PROBLEM STATEMENT - Give back exactly the lines of the entries below from the line with "2. 天ぷら粉、ビール、タイム、塩コショウを混ぜて衣を作ります。" to the line with "新闻网讯(通讯员 陈琦)2月", inclusive, and only those.

STUDY MATERIAL -

---+---

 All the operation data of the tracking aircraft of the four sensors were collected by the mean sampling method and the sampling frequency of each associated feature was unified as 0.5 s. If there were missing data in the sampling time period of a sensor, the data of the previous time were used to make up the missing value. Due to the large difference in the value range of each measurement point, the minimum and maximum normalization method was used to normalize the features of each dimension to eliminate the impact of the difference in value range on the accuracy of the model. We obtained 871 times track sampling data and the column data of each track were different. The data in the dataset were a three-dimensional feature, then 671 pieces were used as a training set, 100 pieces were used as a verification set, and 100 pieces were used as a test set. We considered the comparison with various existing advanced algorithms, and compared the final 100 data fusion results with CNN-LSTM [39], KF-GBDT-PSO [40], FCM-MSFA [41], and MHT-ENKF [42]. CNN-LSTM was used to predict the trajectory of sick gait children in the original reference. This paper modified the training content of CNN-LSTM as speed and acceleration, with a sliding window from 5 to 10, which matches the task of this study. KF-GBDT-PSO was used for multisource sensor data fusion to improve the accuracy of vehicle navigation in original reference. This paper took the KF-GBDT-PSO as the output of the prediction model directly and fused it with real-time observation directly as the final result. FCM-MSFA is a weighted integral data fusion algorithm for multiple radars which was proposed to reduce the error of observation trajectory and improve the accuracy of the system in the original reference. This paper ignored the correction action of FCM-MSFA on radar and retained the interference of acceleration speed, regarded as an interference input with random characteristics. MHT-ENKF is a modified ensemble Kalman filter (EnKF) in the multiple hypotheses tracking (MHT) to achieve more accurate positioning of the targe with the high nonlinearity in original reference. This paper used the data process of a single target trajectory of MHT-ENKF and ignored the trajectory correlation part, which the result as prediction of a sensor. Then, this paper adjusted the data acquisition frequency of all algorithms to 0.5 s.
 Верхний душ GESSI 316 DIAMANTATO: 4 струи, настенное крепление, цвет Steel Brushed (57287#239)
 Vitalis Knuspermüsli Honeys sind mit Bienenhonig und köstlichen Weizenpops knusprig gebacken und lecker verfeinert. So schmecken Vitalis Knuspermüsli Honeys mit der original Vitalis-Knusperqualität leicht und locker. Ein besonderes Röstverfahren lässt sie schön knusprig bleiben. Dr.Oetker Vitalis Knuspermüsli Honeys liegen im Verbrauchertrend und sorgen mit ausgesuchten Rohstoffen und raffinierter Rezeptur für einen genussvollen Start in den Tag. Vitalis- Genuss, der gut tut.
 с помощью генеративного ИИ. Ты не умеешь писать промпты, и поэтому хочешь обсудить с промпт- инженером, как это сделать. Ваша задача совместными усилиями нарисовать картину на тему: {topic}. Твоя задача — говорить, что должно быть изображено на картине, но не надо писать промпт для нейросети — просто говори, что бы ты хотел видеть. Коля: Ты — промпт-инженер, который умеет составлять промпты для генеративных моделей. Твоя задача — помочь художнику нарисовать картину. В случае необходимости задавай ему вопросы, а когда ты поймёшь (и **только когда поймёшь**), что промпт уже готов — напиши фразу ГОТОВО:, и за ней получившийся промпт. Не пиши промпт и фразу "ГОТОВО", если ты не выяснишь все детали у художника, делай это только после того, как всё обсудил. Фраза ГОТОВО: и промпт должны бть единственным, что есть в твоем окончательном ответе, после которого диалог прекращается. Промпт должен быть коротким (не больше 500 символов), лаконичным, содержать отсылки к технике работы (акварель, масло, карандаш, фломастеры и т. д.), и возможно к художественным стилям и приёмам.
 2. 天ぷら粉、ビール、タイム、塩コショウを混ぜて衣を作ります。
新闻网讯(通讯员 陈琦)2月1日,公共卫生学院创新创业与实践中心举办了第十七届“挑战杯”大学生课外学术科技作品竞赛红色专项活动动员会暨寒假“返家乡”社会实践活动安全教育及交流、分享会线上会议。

---+---

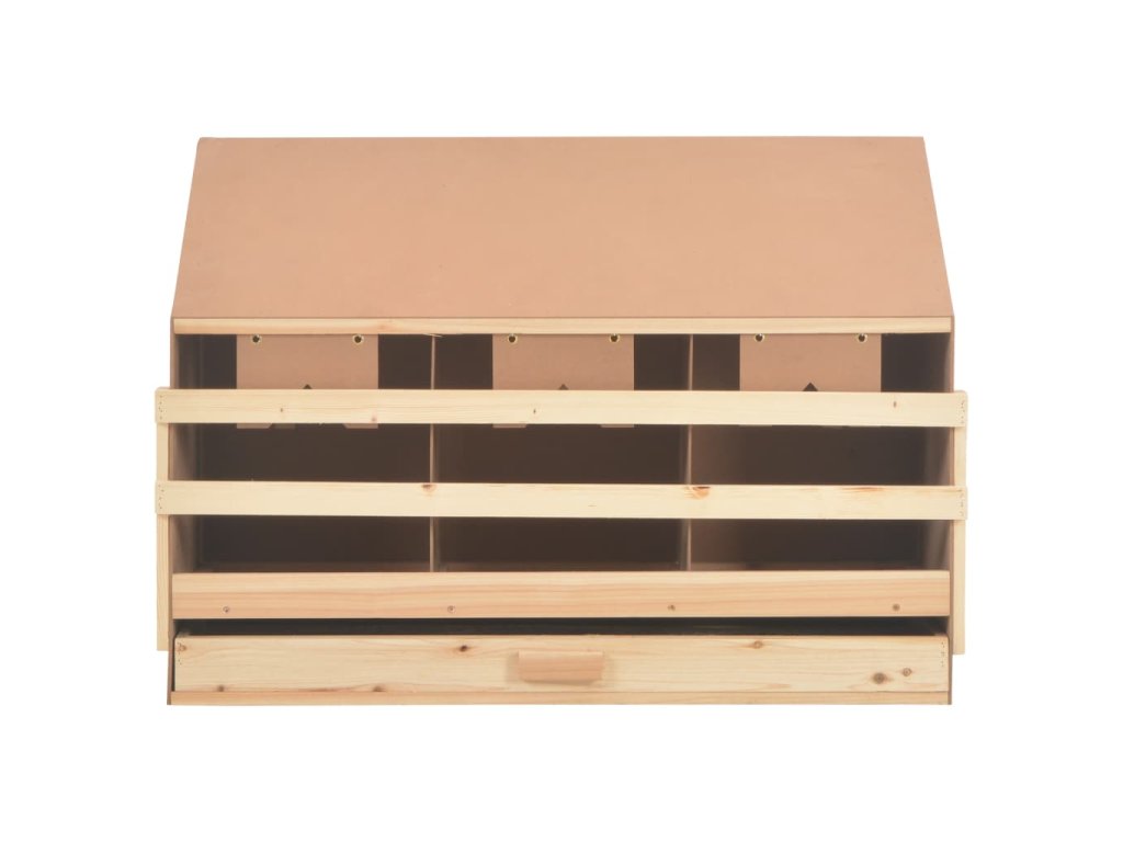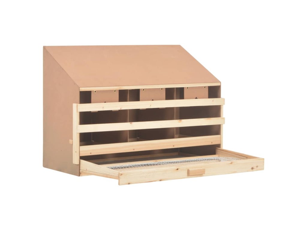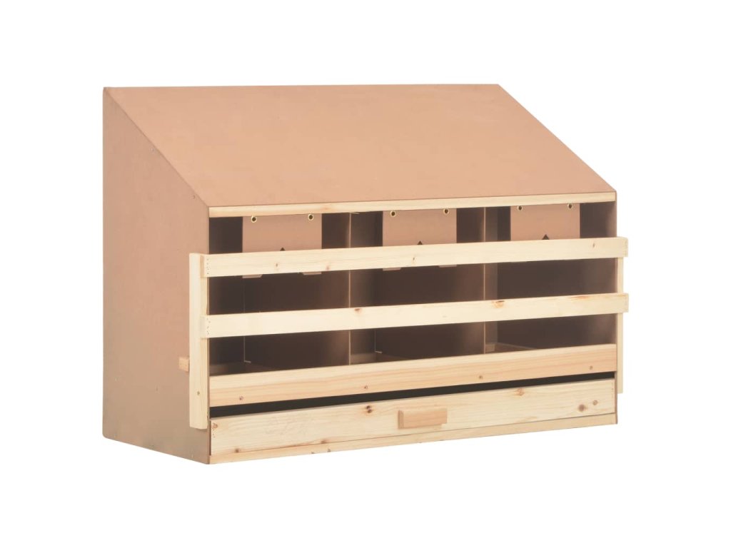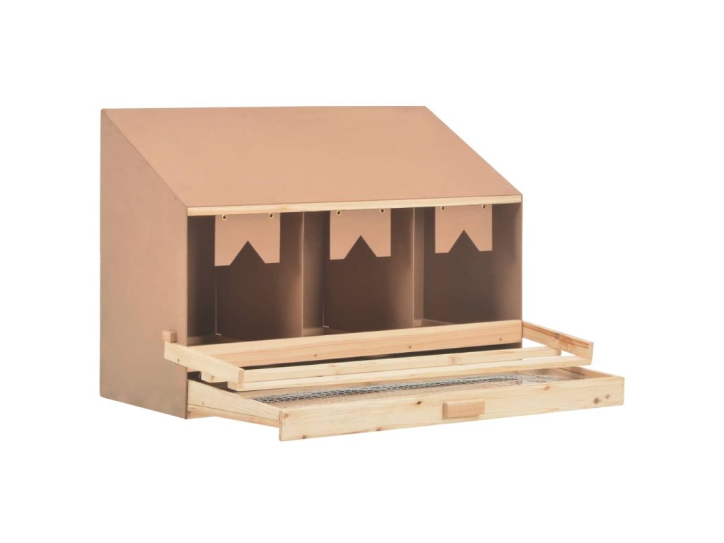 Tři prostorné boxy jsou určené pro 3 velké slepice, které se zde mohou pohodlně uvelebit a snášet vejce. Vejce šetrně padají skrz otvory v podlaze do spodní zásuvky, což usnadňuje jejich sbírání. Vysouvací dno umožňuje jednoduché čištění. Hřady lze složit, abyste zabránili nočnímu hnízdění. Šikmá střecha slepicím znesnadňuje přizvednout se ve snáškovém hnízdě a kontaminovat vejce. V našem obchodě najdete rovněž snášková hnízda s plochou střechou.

---+---

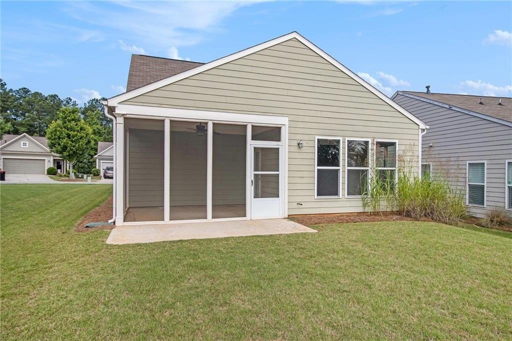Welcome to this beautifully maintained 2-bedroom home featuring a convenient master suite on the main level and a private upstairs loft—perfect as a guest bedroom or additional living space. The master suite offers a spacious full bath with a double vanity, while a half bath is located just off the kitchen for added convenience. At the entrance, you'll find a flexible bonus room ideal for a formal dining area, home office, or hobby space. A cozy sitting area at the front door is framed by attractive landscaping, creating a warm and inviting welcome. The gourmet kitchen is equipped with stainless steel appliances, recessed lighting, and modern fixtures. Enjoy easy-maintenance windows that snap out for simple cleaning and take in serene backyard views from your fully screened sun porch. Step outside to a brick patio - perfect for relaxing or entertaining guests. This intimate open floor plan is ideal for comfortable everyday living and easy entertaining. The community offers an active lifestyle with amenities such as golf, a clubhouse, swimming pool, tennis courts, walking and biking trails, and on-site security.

---+---

WRITTEN ANSWER -
 2. 天ぷら粉、ビール、タイム、塩コショウを混ぜて衣を作ります。
新闻网讯(通讯员 陈琦)2月1日,公共卫生学院创新创业与实践中心举办了第十七届“挑战杯”大学生课外学术科技作品竞赛红色专项活动动员会暨寒假“返家乡”社会实践活动安全教育及交流、分享会线上会议。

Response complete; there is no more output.